▶ Your objective: Every line from the one with "번져보일 수 있습니다." to the final line of the records should be printed exactly as it is, with pictures left out.

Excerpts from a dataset
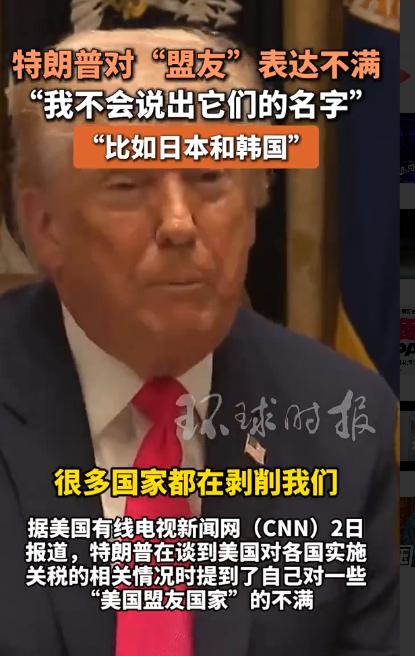特朗普对日韩盟友表达不满:“我不会说出它们的名字”“比如日本和韩国” 据美媒2日报道,美国总统特朗普在当天的内阁会议称,一些自己“不准备点名”的国家,比如日本和韩国,多年来一直都在“剥削美国”。 这话说得挺有意思,刚说不准备点名,转头就把日本和韩国摆了出来。 其实了解特朗普的都知道,他向来不按常理出牌,尤其是对盟友,从来都是利益优先。 作为美国现任总统,他第二任期刚开启就忙着亚洲行,10月还跟日本首相高市早苗见了面,当时嘴上说着日美同盟“前所未有的牢固”,转头就在关税和军费上给日韩施压。 今年7月他就给两国发过关税函,要对日本加征25%的关税,韩国也在名单里,还威胁说敢反击就再加税。 这已经成了他的老套路,一边要盟友在安全上跟美国站一队,一边又在经济上往死里薅羊毛。 他总说日韩“搭美国的车”,逼着韩国涨驻韩美军费用,还要求日本把防卫预算再往上提。 10月那次亚洲行,他就从日韩拿到了5500亿和3500亿美元的投资承诺,还有不少能源、军备订单。 这么说吧,他嘴里的“剥削”,本质就是觉得盟友给的好处不够多。 美国现在国内面临不少问题,他需要靠从盟友那拿到的“成绩”稳住支持率,所以才老拿日韩开刀。 可这招已经引起反感了,日本民调显示民众对美信任度跌到了22%,创下二十年最低,韩国人觉得韩美关系变差的比例也翻了倍。 日韩其实也挺无奈,一方面得靠美国的安全保护,另一方面又不想被榨得太狠。 日本之前甚至暗示要抛美债反击,韩国也在贸易谈判里硬扛关键领域不让步,但说到底,两边还是被绑在美国的战车上,想彻底翻脸也难。 特朗普这套“以盟谋利”的玩法,确实让美国短期捞到了好处,但也把盟友关系弄得越来越僵。 毕竟没有谁愿意一直当“冤大头”,时间长了,同盟里的裂痕只会越来越大。 以上都是个人观点,对此您有什么不同的看法,可以在评论区留言讨论!!!
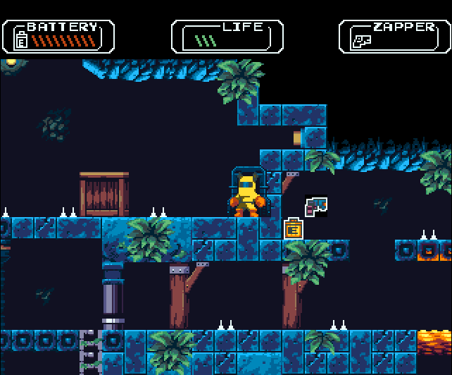 Rick dangerous-Metroid vibes certainly here. 1001 spikes and more. Flashback vibes are there too. Music in intro has that Beast vibe.
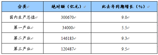 初步核算,全年国内生产总值300670亿元,比上年增长9.0%。分季度看,一季度增长10.6%,二季度增长10.1%,三季度增长9.0%,四季度增长6.8%。分产业看,第一产业增加值34000亿元,增长5.5%;第二产业增加值146183亿元,增长9.3%;第三产业增加值120487亿元,增长9.5%。
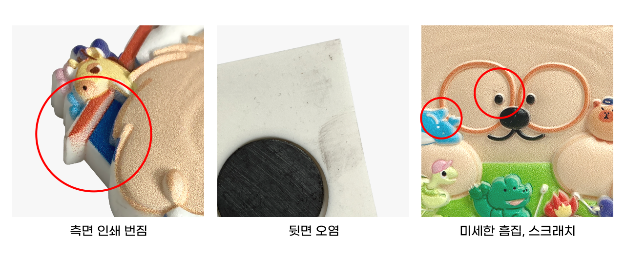 ※ 입체 금형 후 인쇄되는 제품 특성상 측면의 인쇄가 번져보일 수 있습니다.
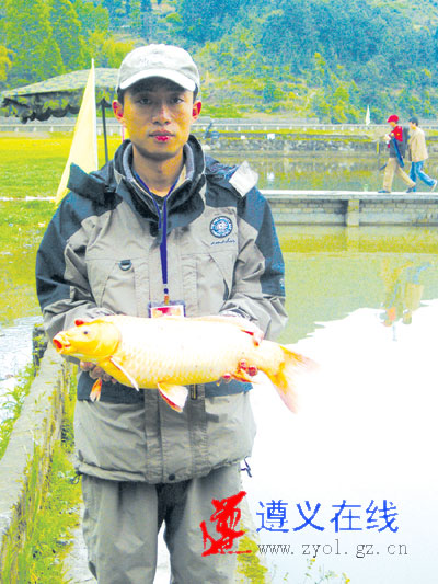 在5月2日的垂钓大赛上,遵义钓友钓起一条7斤重的红色鲤鱼。据介绍,小个头的红鲤鱼常见,7斤重的红鲤鱼不常见,用鱼竿钓起来的7斤红鲤鱼更少见。同时,这条鱼是用无倒刺鱼钩钓的,在遵义,尚属首次。
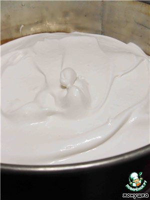 В форме диаметром 26 см испечь 2 тонких коржа, разделив тесто пополам. Взбить белки, постепенно всыпая 150 г сахара. На один из коржей выложить взбитые белки и поставить в духовку запекаться на 10 -12 мин.

▶ Exercise solution:
 ※ 입체 금형 후 인쇄되는 제품 특성상 측면의 인쇄가 번져보일 수 있습니다.
 在5月2日的垂钓大赛上,遵义钓友钓起一条7斤重的红色鲤鱼。据介绍,小个头的红鲤鱼常见,7斤重的红鲤鱼不常见,用鱼竿钓起来的7斤红鲤鱼更少见。同时,这条鱼是用无倒刺鱼钩钓的,在遵义,尚属首次。
 В форме диаметром 26 см испечь 2 тонких коржа, разделив тесто пополам. Взбить белки, постепенно всыпая 150 г сахара. На один из коржей выложить взбитые белки и поставить в духовку запекаться на 10 -12 мин.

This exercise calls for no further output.